## BRIEF
Copy the data below exactly, but not the pictures it contains.

## DATASET SECTION
*-*-*
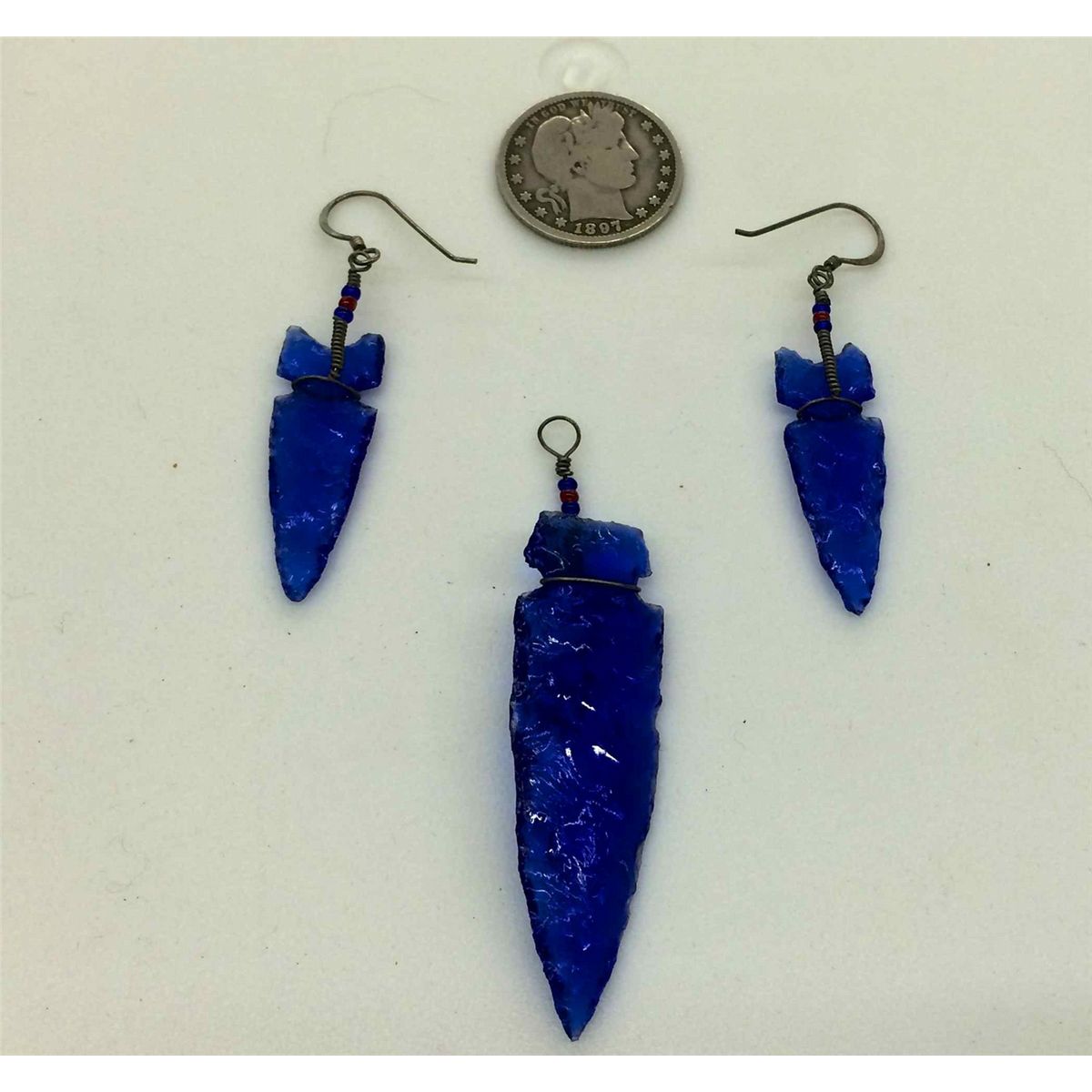 A pair of hand etched arrowhead earrings and matching pendant. Beautifully Made from blue glass.
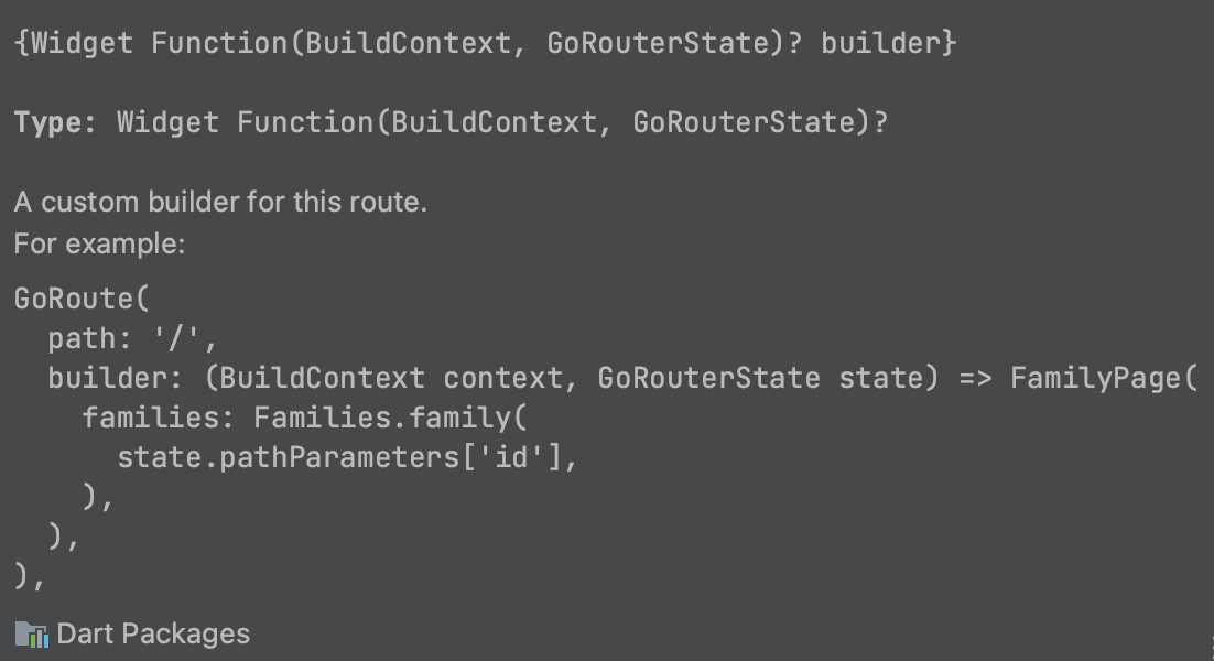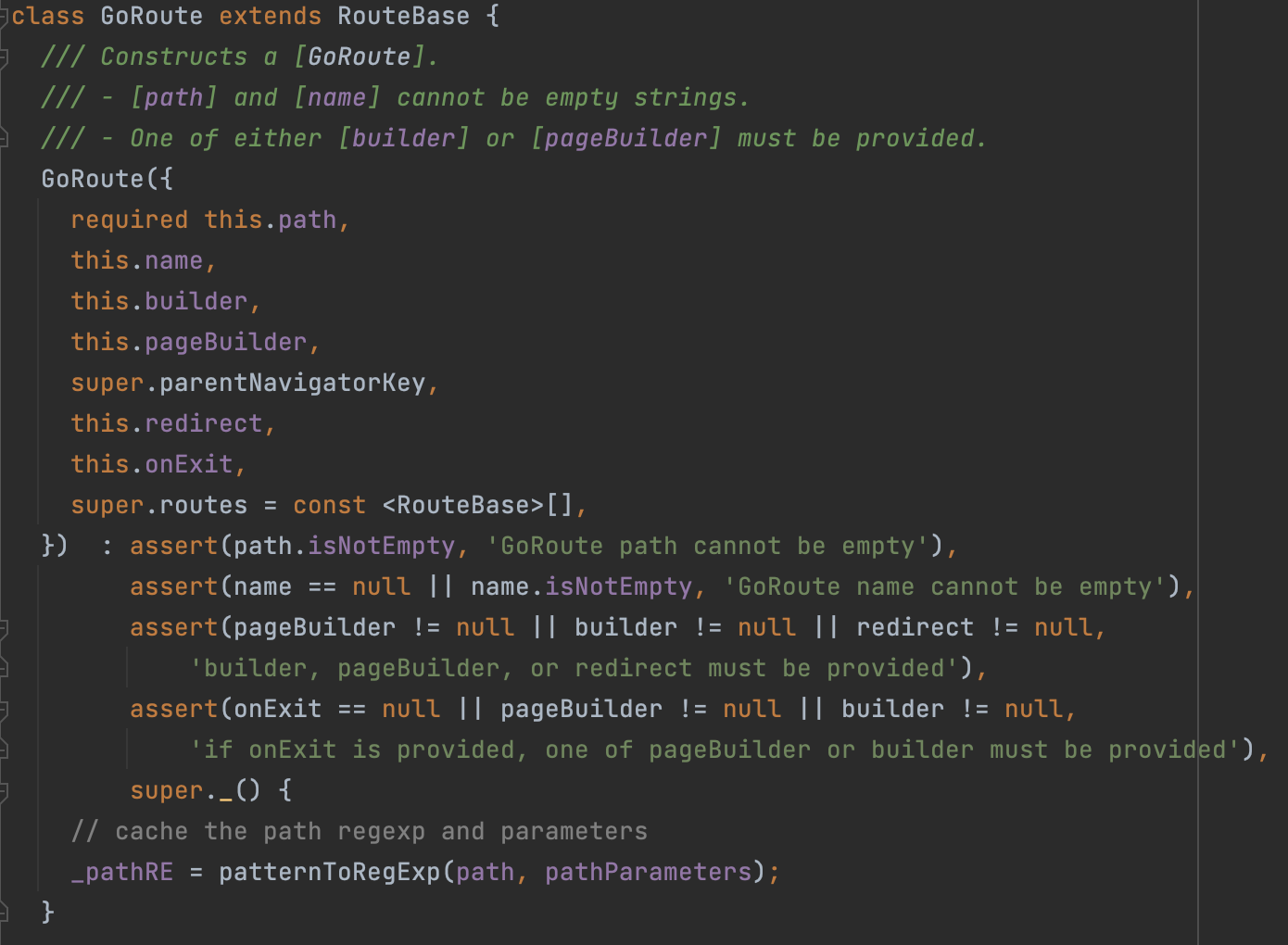 해당 코드처럼 routes에 Goroute클래스 객체를 생성하여 넣어주는 모습입니다. GoRoute에 필수 인자로써 path를 받게 되어 있습니다.
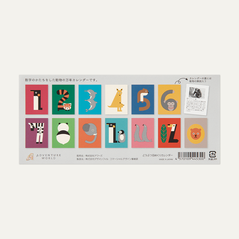 アドベンチャーワールドの動物たちが「0~9」までの数字に変身したデザイン。
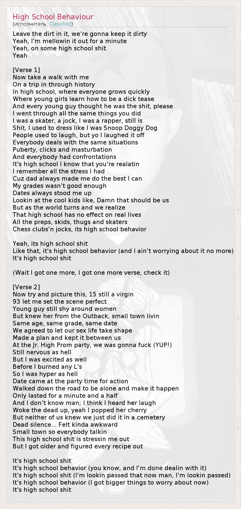 Leave the dirt in it, we're gonna keep it dirty Yeah, I'm mellowin it out for a minute Yeah, on some high school shit Yeah [Verse 1] Now take a walk with me On a trip in through history In high school, where everyone grows quickly Where young girls learn how to be a dick tease And every young guy thought he was the shit, please I went through all the same things you did I was a skater, a jock, I was a rapper, still is Shit, I used to dress like I was Snoop Doggy Dog People used to laugh, but yo I laughed it off Everybody deals with the same situations Puberty, clicks and masturbation And everybody had confrontations It's high school I know that you're realatin I remember all the stress I had Cuz dad always made me do the best I can My grades wasn't good enough Dates always stood me up Lookin at the cool kids like, Damn that should be us But as the world turns and we realize That high school has no effect on real lives All the preps, skids, thugs and skaters Chess clubs'n jocks, its high school behavior Yeah, its high school shit Like that, it's high school behavior (and I ain't worrying about it no more) It's high school shit (Wait I got one more, I got one more verse, check it) [Verse 2] Now try and picture this, 15 still a virgin 93 let me set the scene perfect Young guy still shy around women But knew her from the Outback, small town livin Same age, same grade, same date We agreed to let our sex life take shape Made a plan and kept it between us At the Jr. High Prom party, we was gonna fuck (YUP!) Still nervous as hell But I was excited as well Before I burned any L's So I was hyper as hell Date came at the party time for action Walked down the road to be alone and make it happen Only lasted for a minute and a half And I don't know man; I think I heard her laugh Woke the dead up, yeah I popped her cherry But neither of us knew we just did it in a cemetery Dead silence... Felt kinda awkward Small town so everybody talkin This high school shit is stressin me out But I got older and figured every recipe out It's high school shit It's high school behavior (you know, and I'm done dealin with it) It's high school shit (I'm lookin passed that now man, I'm lookin passed) It's high school behavior (I got bigger things to worry about now) It's high school shit
*-*-*
## OUTPUT
 A pair of hand etched arrowhead earrings and matching pendant. Beautifully Made from blue glass.
 해당 코드처럼 routes에 Goroute클래스 객체를 생성하여 넣어주는 모습입니다. GoRoute에 필수 인자로써 path를 받게 되어 있습니다.
 アドベンチャーワールドの動物たちが「0~9」までの数字に変身したデザイン。
 Leave the dirt in it, we're gonna keep it dirty Yeah, I'm mellowin it out for a minute Yeah, on some high school shit Yeah [Verse 1] Now take a walk with me On a trip in through history In high school, where everyone grows quickly Where young girls learn how to be a dick tease And every young guy thought he was the shit, please I went through all the same things you did I was a skater, a jock, I was a rapper, still is Shit, I used to dress like I was Snoop Doggy Dog People used to laugh, but yo I laughed it off Everybody deals with the same situations Puberty, clicks and masturbation And everybody had confrontations It's high school I know that you're realatin I remember all the stress I had Cuz dad always made me do the best I can My grades wasn't good enough Dates always stood me up Lookin at the cool kids like, Damn that should be us But as the world turns and we realize That high school has no effect on real lives All the preps, skids, thugs and skaters Chess clubs'n jocks, its high school behavior Yeah, its high school shit Like that, it's high school behavior (and I ain't worrying about it no more) It's high school shit (Wait I got one more, I got one more verse, check it) [Verse 2] Now try and picture this, 15 still a virgin 93 let me set the scene perfect Young guy still shy around women But knew her from the Outback, small town livin Same age, same grade, same date We agreed to let our sex life take shape Made a plan and kept it between us At the Jr. High Prom party, we was gonna fuck (YUP!) Still nervous as hell But I was excited as well Before I burned any L's So I was hyper as hell Date came at the party time for action Walked down the road to be alone and make it happen Only lasted for a minute and a half And I don't know man; I think I heard her laugh Woke the dead up, yeah I popped her cherry But neither of us knew we just did it in a cemetery Dead silence... Felt kinda awkward Small town so everybody talkin This high school shit is stressin me out But I got older and figured every recipe out It's high school shit It's high school behavior (you know, and I'm done dealin with it) It's high school shit (I'm lookin passed that now man, I'm lookin passed) It's high school behavior (I got bigger things to worry about now) It's high school shit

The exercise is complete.